At the time, this ultra-long duration strategy appeared conservative and responsible. In reality, it reflected institutional inexperience. Much of the portfolio construction was driven by junior analysts with limited cycle experience, resulting in long-term damage to client outcomes once the crisis environment normalized.
The deeper driver behind this behavior is not long-term value creation — it is fear of client attrition.
Banks understand that short-term volatility and temporary drawdowns often trigger client departures. As a result, institutions systematically favor strategies that look safe, even when they produce mediocre long-term outcomes.
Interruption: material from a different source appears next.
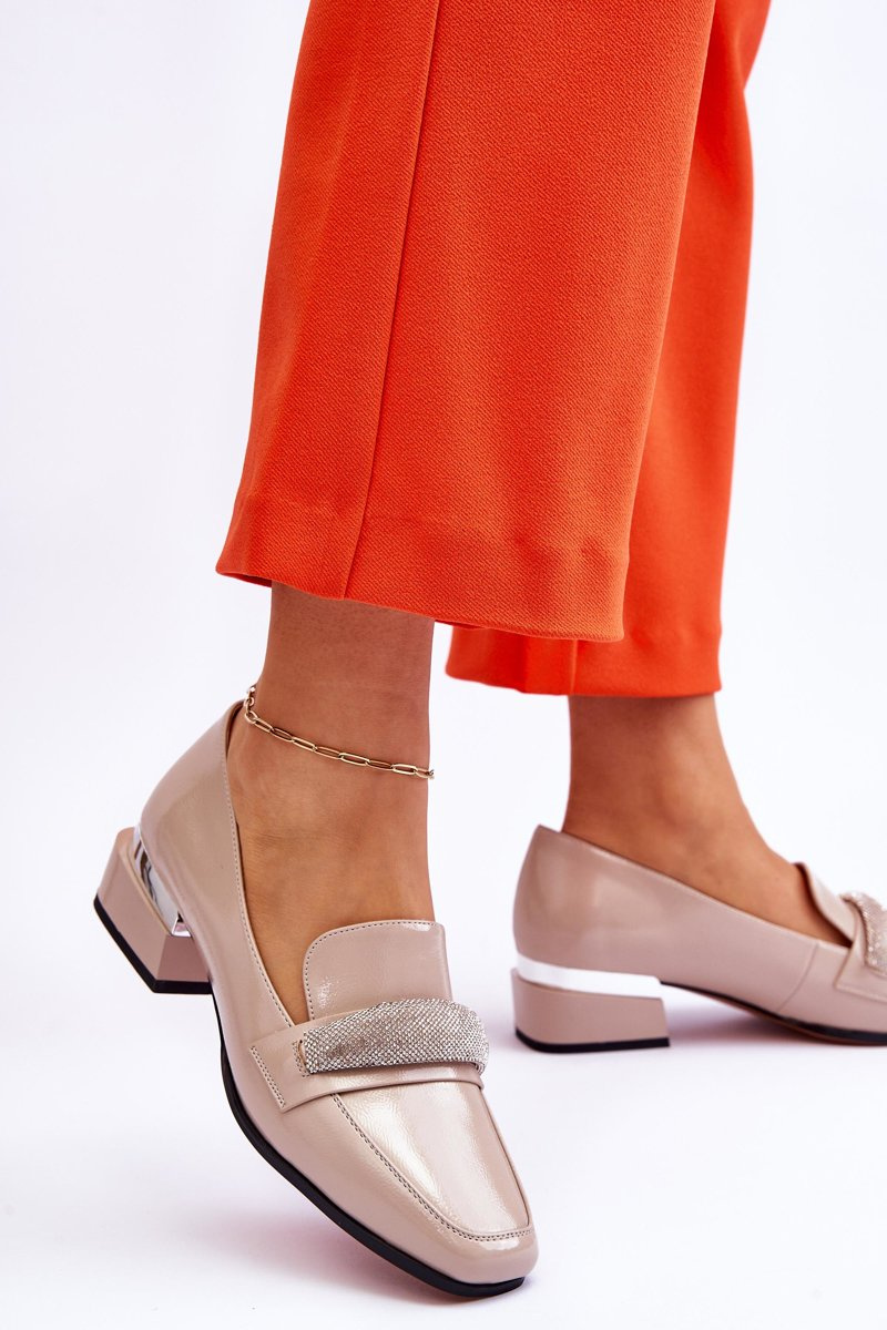 Лаковані лофери на високих підборах із кубічним цирконієм бежевого кольору

They prioritize short-term emotional stability over long-term capital growth.
In avoiding short-term discomfort, they sacrifice long-term wealth creation.
True long-term investment management requires entrepreneurial thinking — not cosmetic stability.
It means taking intelligent, compensated risk, not optimizing for smooth charts.
Portfolio managers must move beyond transactional relationships and build deep, life-cycle wealth partnerships, delivering value across generations, not quarters.
Sustainable long-term returns are not created by simply extending time horizons.
They come from understanding risk, pricing risk, and using risk.
This requires capital managers to evolve from passive product allocators into active value seekers and value creators — executing decisively, staying disciplined through volatility, and maintaining patience through cycles.
Only when investors step outside bank-designed product frameworks — and begin identifying, owning, and holding fundamentally undervalued, high-quality assets — can true long-term wealth growth occur.
In this process, simple, transparent, fundamentals-driven strategies consistently outperform complex, opaque, and heavily packaged financial products.
Not because they are flashy — but because they are structurally aligned with how real wealth is built.